_Assignment_.
Output every line below exactly, please, omitting pictures.

_Data shown_.

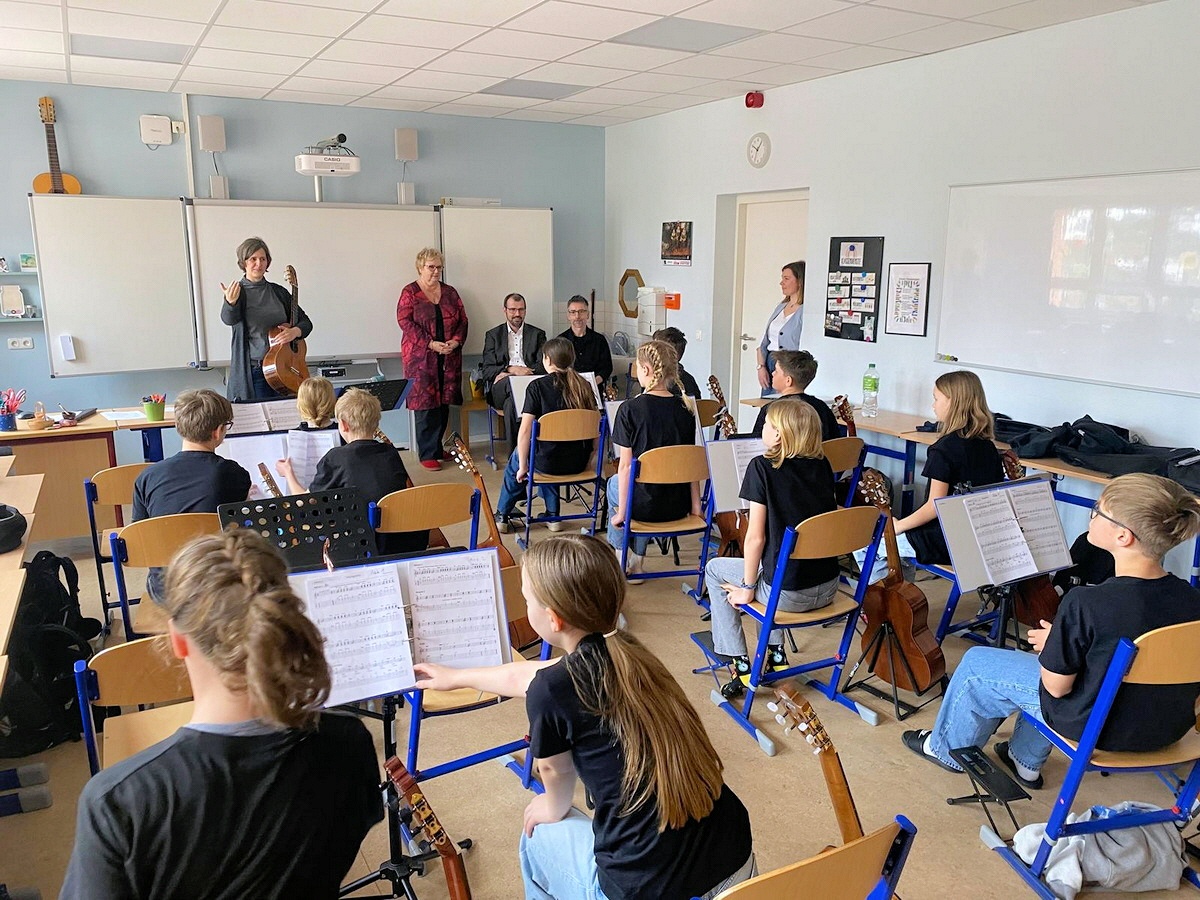 Ihre Begeisterung für Musik zog sich durch den Töplitzer Schulalltag: Seit 15 Jahren organisiert sie mit der Muskischullehrerin Regina Klieber die Gitarrenklassen im Rahmen des Landesprojekts „Klasse:Musik“. Schüler der fünften und sechsten Klassen erhalten dabei kostenlosen Gitarrenunterricht. „Ich finde es wichtig, dass Kinder Musik ganz praktisch erleben – auch wenn sie nicht alle perfekt spielen lernen“, sagt sie.
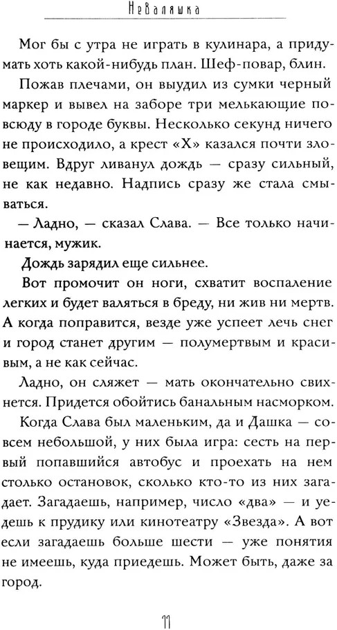В провинциальном российском городе Н. творятся очень странные дела. На вокзале появился подозрительно элегантный мужчина, местные светлячки ведут себя совершенно необъяснимо, а Даша увлеклась недавно приехавшим в город молодым человеком, который — возможно ли это? — обладает сверхъестественными способностями. Вот только все это, кажется, привело к большой беде, и последствия придется расхлебывать Д ашиному младшему брату Славе, жизнь у которого и так не сахар. |
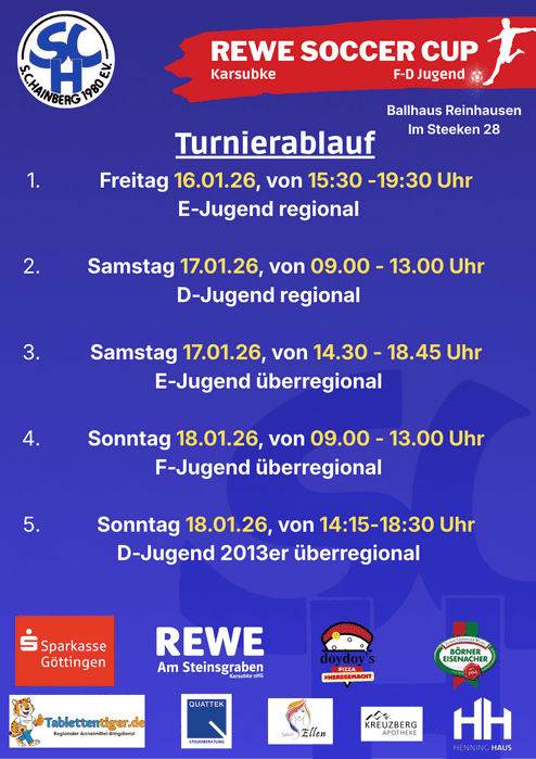 Wir freuen uns auf spannende Turniere und viele Tore beim REWE Soccer Cup 2026 im Ballhaus Reinhausen.
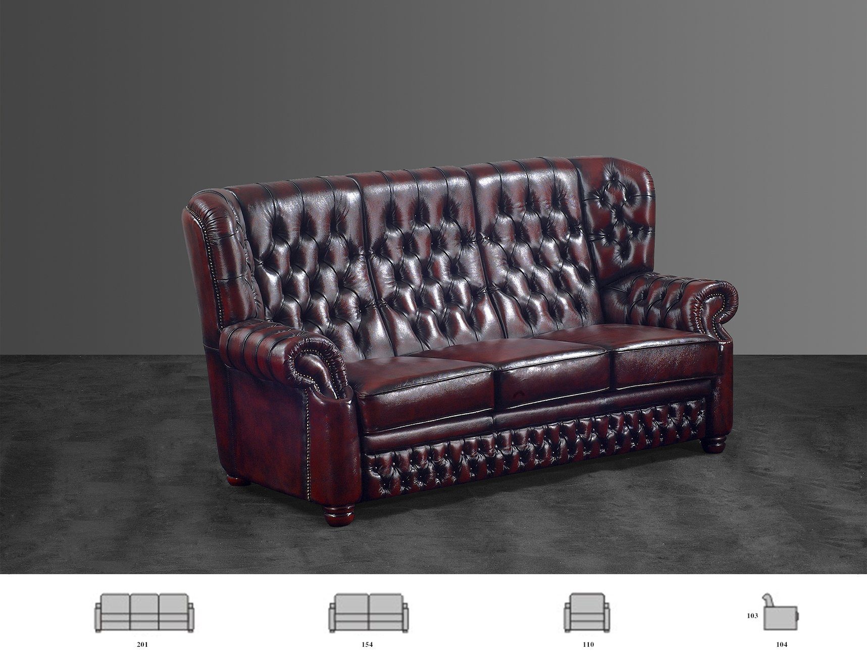Все beanspruchten Stellen (Sitzflächen, Rückenlehnen, Armlehnen, Kissen) der Salottini Möbel sind mit 1,6 - 1,8mm dicken und komplett durchfärbten italienischen Leder bezogen. Die Möbel werden ausschließlich in professioneller Handarbeit für Sie nach Ihren Vorgaben gefertigt. Die Farbe auf dem Foto ist Brush of Red.
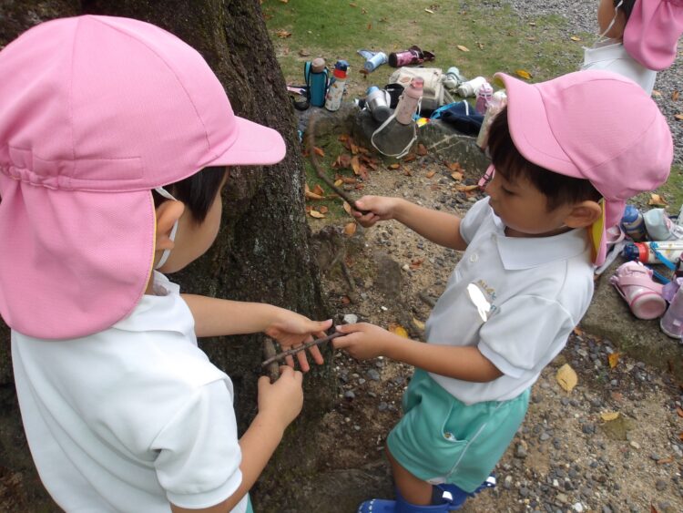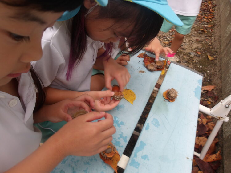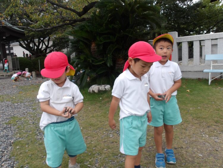 鬼ごっこをして思い切り走ったり、大きなどんぐりを見つけて先生に教えてくれたり、木の棒や葉っぱを拾って観察するなど、それぞれ楽しい時間を過ごしました🍂
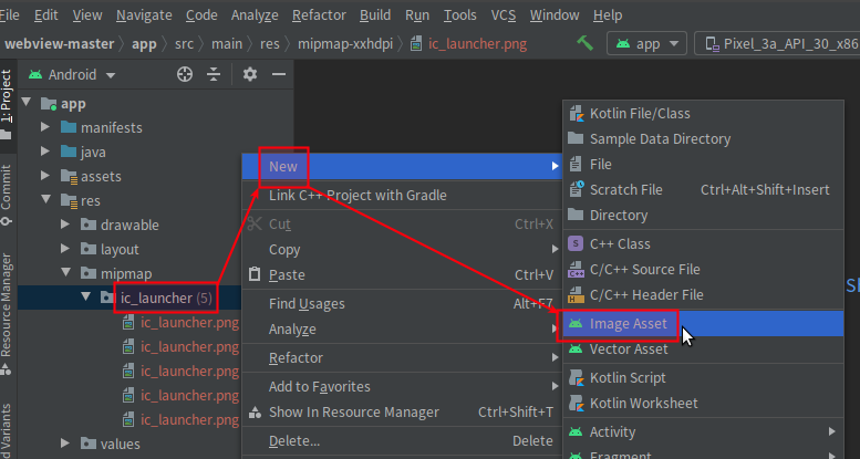 [ic_launcher 우클릭] - [New] - [Image Asset]을 눌러 설정창을 띄운다
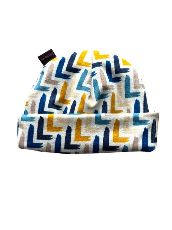 De couveuse deken is gemaakt van donkerblauw wafel katoen, dat bekend staat om zijn zachte structuur en ademend vermogen. De andere zijde is uitgevoerd in een bijpassende blauw–oker tricot print, wat zorgt voor een warme en eigentijdse uitstraling. Het prematuur mutsje is gemaakt van dezelfde comfortabele tricot stof, zodat het geheel prachtig matcht.
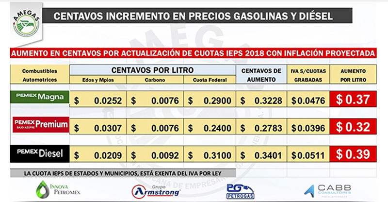 Amegas considera que el aumento aproximado con la inflación proyectada durante 2018 será de 37 centavos para la gasolina Magna, 32 centavos para la Premium y de 39 centavos para el diésel.
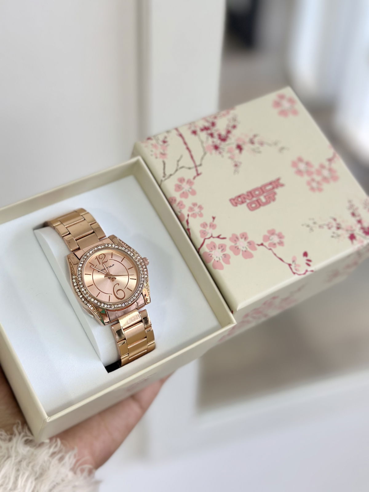 Reloj metal con strass, resistente a salpicaduras, knock out.

_Solution for this task_.
 Ihre Begeisterung für Musik zog sich durch den Töplitzer Schulalltag: Seit 15 Jahren organisiert sie mit der Muskischullehrerin Regina Klieber die Gitarrenklassen im Rahmen des Landesprojekts „Klasse:Musik“. Schüler der fünften und sechsten Klassen erhalten dabei kostenlosen Gitarrenunterricht. „Ich finde es wichtig, dass Kinder Musik ganz praktisch erleben – auch wenn sie nicht alle perfekt spielen lernen“, sagt sie.
В провинциальном российском городе Н. творятся очень странные дела. На вокзале появился подозрительно элегантный мужчина, местные светлячки ведут себя совершенно необъяснимо, а Даша увлеклась недавно приехавшим в город молодым человеком, который — возможно ли это? — обладает сверхъестественными способностями. Вот только все это, кажется, привело к большой беде, и последствия придется расхлебывать Д ашиному младшему брату Славе, жизнь у которого и так не сахар. |
 Wir freuen uns auf spannende Turniere und viele Tore beim REWE Soccer Cup 2026 im Ballhaus Reinhausen.
Все beanspruchten Stellen (Sitzflächen, Rückenlehnen, Armlehnen, Kissen) der Salottini Möbel sind mit 1,6 - 1,8mm dicken und komplett durchfärbten italienischen Leder bezogen. Die Möbel werden ausschließlich in professioneller Handarbeit für Sie nach Ihren Vorgaben gefertigt. Die Farbe auf dem Foto ist Brush of Red.
 鬼ごっこをして思い切り走ったり、大きなどんぐりを見つけて先生に教えてくれたり、木の棒や葉っぱを拾って観察するなど、それぞれ楽しい時間を過ごしました🍂
 [ic_launcher 우클릭] - [New] - [Image Asset]을 눌러 설정창을 띄운다
 De couveuse deken is gemaakt van donkerblauw wafel katoen, dat bekend staat om zijn zachte structuur en ademend vermogen. De andere zijde is uitgevoerd in een bijpassende blauw–oker tricot print, wat zorgt voor een warme en eigentijdse uitstraling. Het prematuur mutsje is gemaakt van dezelfde comfortabele tricot stof, zodat het geheel prachtig matcht.
 Amegas considera que el aumento aproximado con la inflación proyectada durante 2018 será de 37 centavos para la gasolina Magna, 32 centavos para la Premium y de 39 centavos para el diésel.
 Reloj metal con strass, resistente a salpicaduras, knock out.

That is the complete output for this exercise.